Data Loading and Processing

Data Loading

library(dplyr)
library(tidyr)
library(readr)
library(ggplot2)
library(knitr)
library(MASS)  # For AIC/BIC 
library(car) # For vif

por_df <- read_delim("C:/Users/jaych/Downloads/PSTAT100-Final-Project-main/PSTAT100-Final-Project-main/data/student-por.csv", delim = ";")
head(por_df)

por_df <- por_df %>%
  mutate(
    school = as.factor(school),
    sex = as.factor(sex),
    address = as.factor(address),
    famsize = as.factor(famsize),
    Pstatus = as.factor(Pstatus),
    Mjob = as.factor(Mjob),
    Fjob = as.factor(Fjob),
    reason = as.factor(reason),
    guardian = as.factor(guardian),
    schoolsup = as.factor(schoolsup),
    famsup = as.factor(famsup),
    paid = as.factor(paid),
    activities = as.factor(activities),
    nursery = as.factor(nursery),
    higher = as.factor(higher),
    internet = as.factor(internet),
    romantic = as.factor(romantic),
    # ordered factor from 1-5 for very high, low etc.
    Dalc = factor(Dalc, levels = 1:5, ordered = TRUE), 
    Walc = factor(Walc, levels = 1:5, ordered = TRUE)
  )

Data Processing and Cleaning

The Student Performance dataset does not contain any missing values or fields with unclear meanings. Therefore, no data cleaning or preprocessing was necessary for this project.

Research Question 1

Modeling Process

The aim is to observe if, after controlling for study time and internet access, father’s education significantly influenced the student’s final Portuguese grade. The question at hand calls for a partial significance test, which works by having one one the models be a subset to another. Therefore, if there is a significant difference, it is due to the predictors added in between.
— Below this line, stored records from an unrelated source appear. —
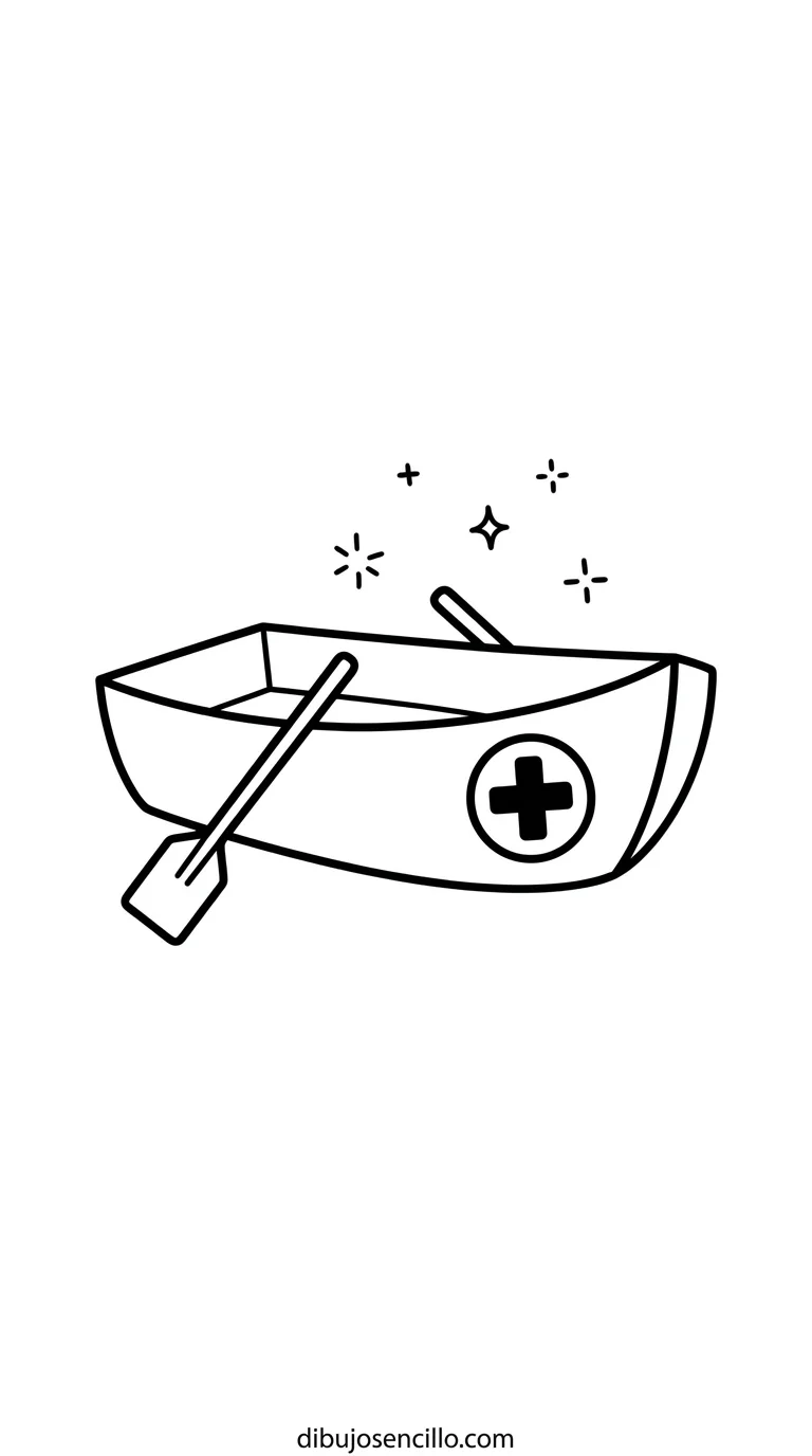 Un bote salvavidas pequeño con símbolo de cruz roja característico de emergencia. Los remos pequeños y símbolo médico crean embarcación de rescate de seguridad.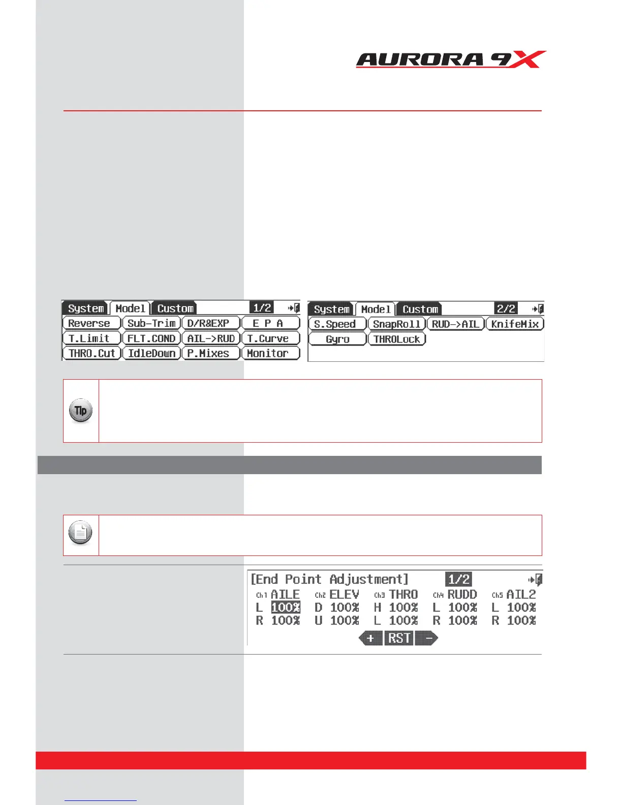 Model Menu and More - Menu Functions Common to all ACRO, GLID and HELI models.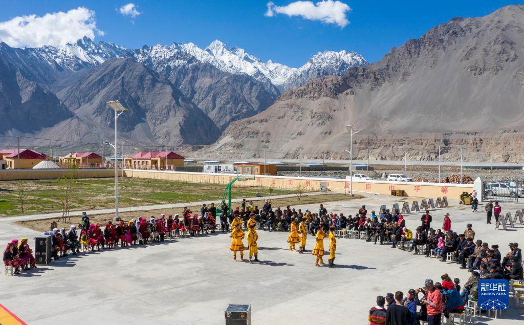 新疆塔县文工团演员古丽巴努尔·库尔恰克和同事们在达布达尔乡的一处山村为村民表演舞蹈节目(2020年6月6日摄,无人机照片)。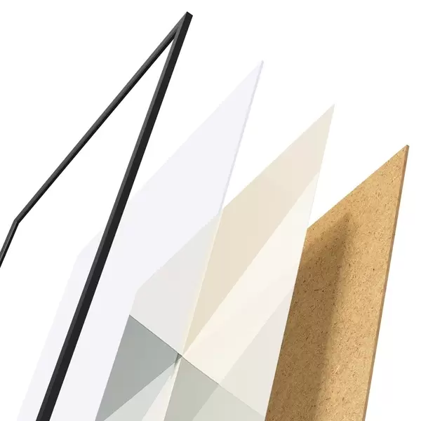 A poszter keretből, plexiből, nyomtatott képből és forgácslap hátlapból áll. A poszter a hátoldalon található rögzítőknek köszönhetően azonnal felakasztható a falra.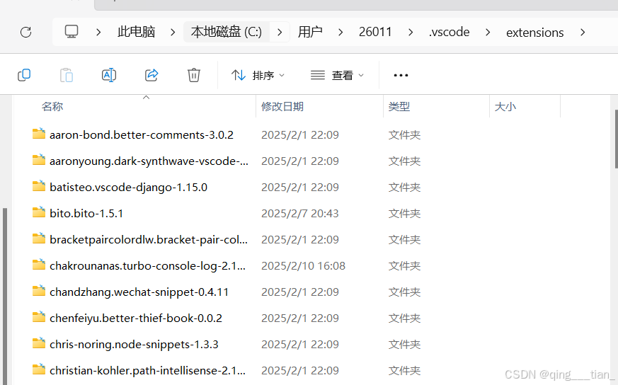 记得打开查看隐藏项目,先在有网的电脑里正常下载安装,在这里会出现对应的插件文件,作者名-插件名-版本号,复制到内网环境中的这个目录里,没有extensions文件夹的话就自己创建,最重要的一步来了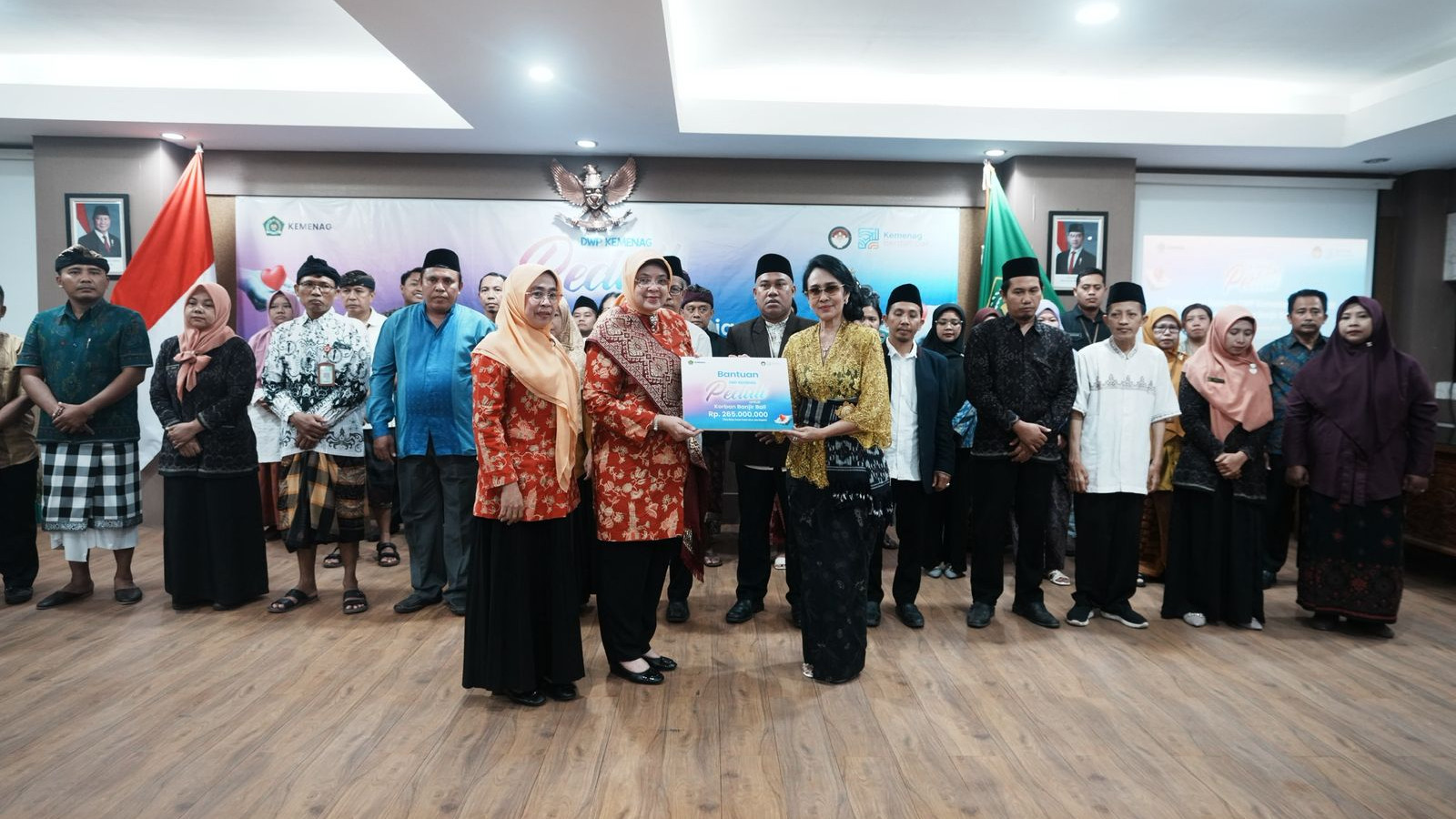 Penyerahan bantuan ini disampaikan Penasihat DWP Kemenag Helmi Nasaruddin Umar beserta jajaran pengurus DWP Kemenag Pusat. Pemberian secara simbolis dilaksanakan di Aula Kanwil Kemenag provinsi Bali, Kamis (25/9/2025).

The models were both linear and used the following predictors:

Model 1: Study time and internet access.
Model 2: Model 1’s predictors as well as the education level of the student’s father.

The two linear models were compared using an ANOVA test. Since the only predictor added in model 2 was the father’s education, if there was a significant decrease in residual variance–as indicated by the resulting p-value–it would be due to this predictor.

Results

anova_kable <- function(model1, model2) {
  aov_out <- anova(model1, model2)

  Model <- rownames(aov_out)
  Res.Df <- aov_out[, "Res.Df"]
  RSS <- signif(aov_out[, "RSS"], 5)
  Df <- ifelse(is.na(aov_out[, "Df"]), "", aov_out[, "Df"])
  Sum_of_Sq <- ifelse(is.na(aov_out[, "Sum of Sq"]), "", signif(aov_out[, "Sum of Sq"], 5))
  F <- ifelse(is.na(aov_out[, "F"]), "", signif(aov_out[, "F"], 4))

  # Extract p-values as numeric, then format with signif( ,2)
  pvals_raw <- aov_out$`Pr(>F)`
  pvals_signif <- ifelse(
    is.na(pvals_raw),
    "",
    formatC(signif(pvals_raw, 2), format = "e", digits = 2)
  )

  Signif <- cut(as.numeric(pvals_raw),
                breaks = c(-Inf, 0.001, 0.01, 0.05, 0.1, Inf),
                labels = c("***", "**", "*", ".", ""),
                right = TRUE)
  Signif[is.na(Signif)] <- ""

  df <- data.frame(
    Model = Model,
    Res.Df = Res.Df,
    RSS = RSS,
    Df = Df,
    `Sum of Sq` = Sum_of_Sq,
    F = F,
    `Pr(>F)` = pvals_signif,
    Signif = Signif,
    stringsAsFactors = FALSE
  )

  knitr::kable(df, align = "c",
               caption = "ANOVA Comparison Table")
}

lm_table <- function(model, digits = 2, pval_sci_threshold = 0.01, caption = "Linear Model Summary") {
  df <- broom::tidy(model) %>%
    dplyr::select(term, estimate, std.error, statistic, p.value) %>%
    dplyr::rename(
      Term = term,
      Estimate = estimate,
      `Std. Error` = std.error,
      `t value` = statistic,
      `Pr(>|t|)` = p.value
    )

  # Format values
  df$Estimate <- signif(df$Estimate, digits)
  df$`Std. Error` <- signif(df$`Std. Error`, digits)
  df$`t value` <- signif(df$`t value`, digits)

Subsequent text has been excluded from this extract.